Erlang/Elixir bindings
Overbryd opened this issue · 4 comments
Hi Alexander,
I hope you are pleased to hear that I started working on a Elixir/Erlang binding for your marvellous library.
My main motivation is to parse a given HTML document into a tree-structure.
That is what the binding currently achieves.
The repository can be inspected here: https://github.com/Overbryd/myhtmlex
I am currently investigating the mode of operation that I want to execute this binding on.
Doing this, I found that re-using a reference to a tree somehow is slower than parsing a new tree.
There is a high chance that I am wrong and maybe I am doing something stupid, so I kindly ask you to have a look at the following C-functions that implement the NIF:
-
Opening & parsing a tree and building a tree in the same call faster
-
Opening & parsing a tree into a reference, then building a tree given a reference slower
-
nif_open(...)
There I open amyhtml_tree_t
and give back to the VM using a allocated resource. Therefore I have a smallstruct myhtmlex_ref_t
that holds a reference to themyhtml_tree_t
and also a reference to the root node asmyhtml_tree_node_t
for convenience. -
nif_decode_tree(...)
Here I receive a reference tomyhtmlex_ref_t
and build the Erlang tree.
-
The idea was to "open & parse" a myhtml-tree, and then re-use it multiple times. Weirdly this is much slower than opening/parsing and building an Erlang tree in the same call.

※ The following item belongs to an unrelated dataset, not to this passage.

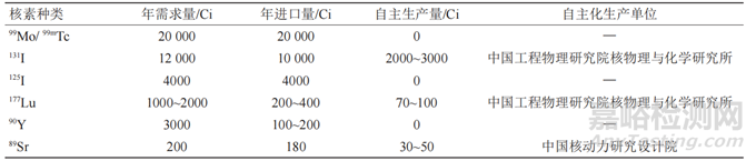 表2 我國主要反應(yīng)堆產(chǎn)醫(yī)用同位素的需求與供給情況

I just want to rule out that I am having a wrong assumption about myhtml_tree_t
, being a fully parsed tree that can be walked very fast.
Kind regards,
Lukas Rieder
Hi Lukas,
I'm very glad to hear that you are create bindings for myhtml. This is very good news!
-
myhtml_parse
always clean current tree before begin parsing. not need callmyhtml_tree_clean
beforemyhtml_parse
- You are destroy only one node, not tree.
myhtml_node_free
function destroy resources for one (current) node only. For destroy tree (all nodes and resources) usemyhtml_tree_destroy
. But, if you usemyhtml_tree_destroy
you need always create a new treemyhtml_tree_create
— it's expensive on time. Just delete this line.
Tree will by clean each time you callmyhtml_parse
(new resources will not be allocated, сurrent resources will be used).
this
this
-
In
nif_open(...)
you are create a new tree every time when call nif_open — it will take a while.
Consequently if I parse multiple html documents in parallel, I need one
tree per instance.
Is that correct?But sequentially, I only need one tree for parsing multiple documents.
Yes
I have built nif_open with the idea in mind that the user can call the tree
traversal functions provided in myhtml.
That's right, best practice for bindings.
We build tree and call c functions from another language. Some like (perl code):
my $tree = $myhtml->parse($html);
print $tree->as_text();
$tree->destroy();
Code for bindings (PerlXS):
MyHTML::Tree
parse(myhtml, html)
MyHTML myhtml;
const char* html;
CODE:
myhtml_tree__t *tree = myhtml_tree_create();
myhtml_tree_init(tree, myhtml);
myhtml_parse(tree, MyENCODING_UTF_8, html, strlen(html));
RETVAL = tree;
OUTPUT:
RETVAL
SV*
as_text(tree)
MyHTML::Tree tree;
CODE:
mycore_string_raw_t str_raw;
mycore_string_raw_clean_all(&str_raw);
myhtml_serialization_tree_buffer(myhtml_tree_get_document(tree), &str_raw);
RETVAL = newSVpv(str_raw.data, str_raw.length)
mycore_string_raw_destroy(&str_raw, false);
OUTPUT:
RETVAL
void
destroy(tree)
MyHTML::Tree tree;
CODE:
myhtml_tree_destroy(tree);
In other words, we do not copy anything from the C structures, because data can change within structures. We just make a bridge from your LANG to C structures.
Thanks so much. All questions cleared up. I will close this now.